Don’t listen to UKIP – but do listen to their voters

This article first appeared on Laboutlist.org on Thursday 9th May 2013.

The post election analysJohn in the constituencyis-fest has provided a helpful summary of most of the wrong responses to UKIP. Many of these responses fall into the comfortable category of ‘this only confirms what I’ve always believed!’ For some, the big vote for UKIP – a self-proclaimed right wing party – shows there is no audience for a more radical Labour party. For some, the same disconcerting support means that a liberal, internationalist party like Labour should not give an inch on migration, welfare or Europe for fear of conceding hard-won progressive gains. For others, any notion of progressive patriotism, community or national story is dangerous nonsense.

These are all very different responses, but they are all wrong. They share the simple error of listening to what UKIP says, rather than listening to their voters. Having spent the last few weeks in Eastleigh and county elections across southern England, I’ve done rather a lot of listening. Let me share a few thoughts.

Firstly, most of the UKIP voters I have met are people I would like my Labour Party to attract and represent.  Sure, they’ve attracted their fair share of people with pretty vile views – including some of their candidates – but most who vote for them strike me as the sort of hard-working, community minded, want their kids to do well, sort of people our party was built on.

Secondly, when they complain, they’ve often got something to complain about. I have no hesitation in saying that the pace with which my home city, Southampton, changed through migration over the past 15 years was too far and too fast to be comfortable. There’s nothing illiberal in saying that there is a limit to how fast people can be expected to respond to the changing use of public services, neighbourhoods changed from family housing to HMOs, a growth in agency working or the undermining of trade union influence in major employers.

Thirdly, whatever Nigel Farage might say, these voters’ views cannot simply be categorised as right wing. Many would support Jacobin justice against bankers and tax avoiders like Starbucks; if not explicitly pro-union, they want stability and fairness back in a workplace that has become steadily more insecure. They are appalled when they hear that Eurosceptics want to get rid of existing employment laws. Even on migration, the woman who told me last week ‘I don’t care who comes here as long as they work and pay taxes’ is not as untypical as you might think.

Fourthly, trying to counter fears with facts is tough going when the audience doesn’t trust the messenger. Because they blame ‘the governing classes’ for all this change, they are sceptical when we say we are dealing with a problem, or that the problem – like access to social housing – is wildly exaggerated. And they don’t think we understand the issues where there is a major problem.  We can fool ourselves that ‘it would be alright if only they understood the truth’ but not them.

Fifthly, they care about their country. They care about where it’s going and how it’s changing. And at the moment they are pretty pessimistic, for themselves and their children.

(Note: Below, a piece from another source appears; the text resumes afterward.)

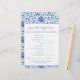Baby Shower game "Guess The Right Price?" in an elegant watercolor blue and white pattern, inspired by the type you can see on vintage ginger jars. All of the text is fully customisable to your needs.
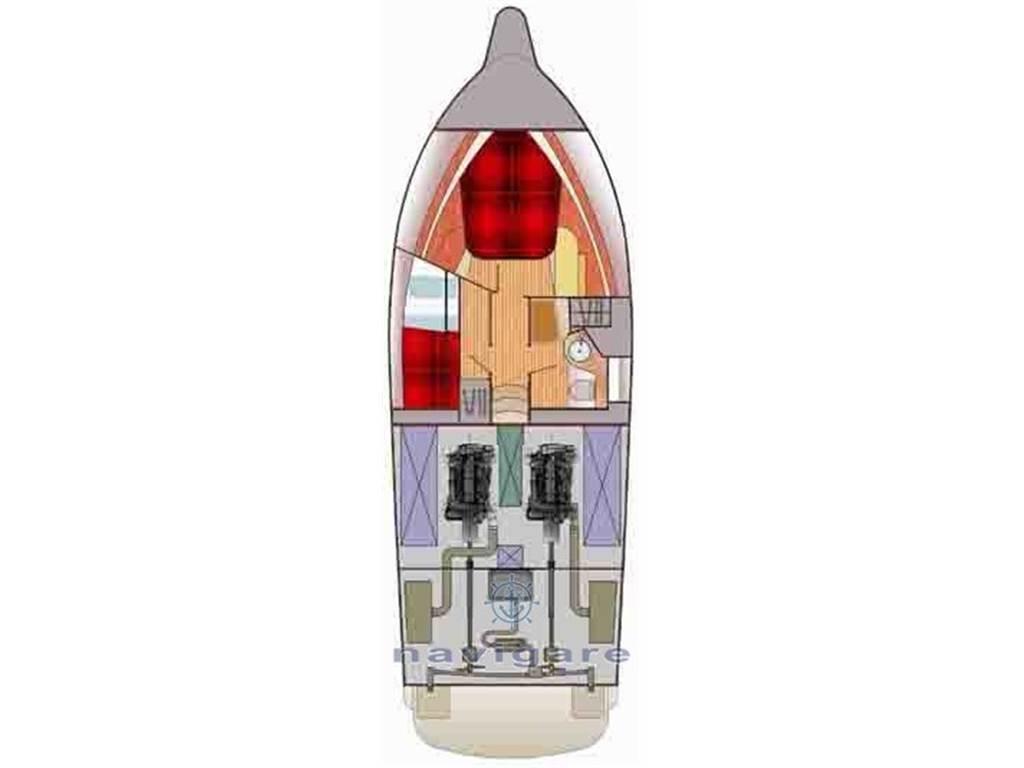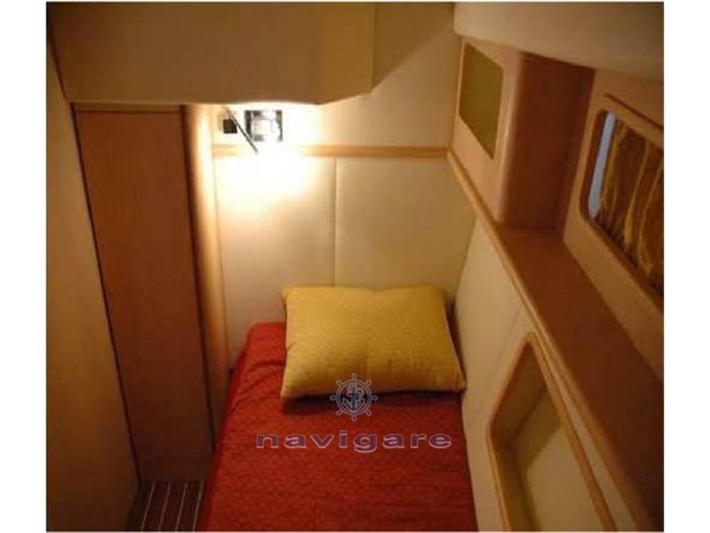 Notas internasDivano a “C” trasformabile in 2 posti letto con cuscineria Tavolo in ciliegio abbattibile con pistone Gavoni sotto il divano ___________________________________________________________________________________ Cucina Mobile cucina con lavello in acciaio inox Piano cottura a 2 fuochi Sottolavello con cassettiera ed alloggiamento per frigorifero e forno a microonde Frigorifero a 12 v da 65 lt. ___________________________________________________________________________________ Bagno Mobile bagno con piana in granito, lavello integrato e anta sotto il lavello Mobile pensile con anta completo di specchio WC elettrico Cabina doccia rettangolare con porta in plexiglass e grata pavimento in teak Serbatoio e pompa elettrica estrazione acqua doccia Tende interne ___________________________________________________________________________________ Cabina di prua Letto armatoriale doppio con materasso e cuscini Cassettiera sotto il letto Gavoni sotto il letto Faretti di lettura Armadio con anta Armadietti pensili con ante Mensole laterali Specchio sulla paratia Tende interne ___________________________________________________________________________________ Cabina ospiti n° 2 letti a castello Armadio con anta Faretti di lettura Tende interne Notas de la instrumentaciónNotas de armamento |

I can’t see any reason why a centre-left party can’t mount a pretty serious appeal for voters like these. I would be worried if we couldn’t, and most of the core elements are already taking shape in Ed Miliband’s politics. From migration to apprenticeships, responsible capitalism to reining in the banks and the utility companies, ‘One Nation’ is founded on the belief in a positive British future. The radical changes in the party’s approach to community organising holds the best prospect of rebuilding trusted relationships with voters – and this can be done much more quickly than most people think.

But we should also understand the problem. Above all many people fear we don’t share their fears or concerns. They think that, at best, we demonstrate lofty liberal focus group driven calculations of what we should be heard to say. Let’s be clear; if we don’t feel it, they won’t believe it.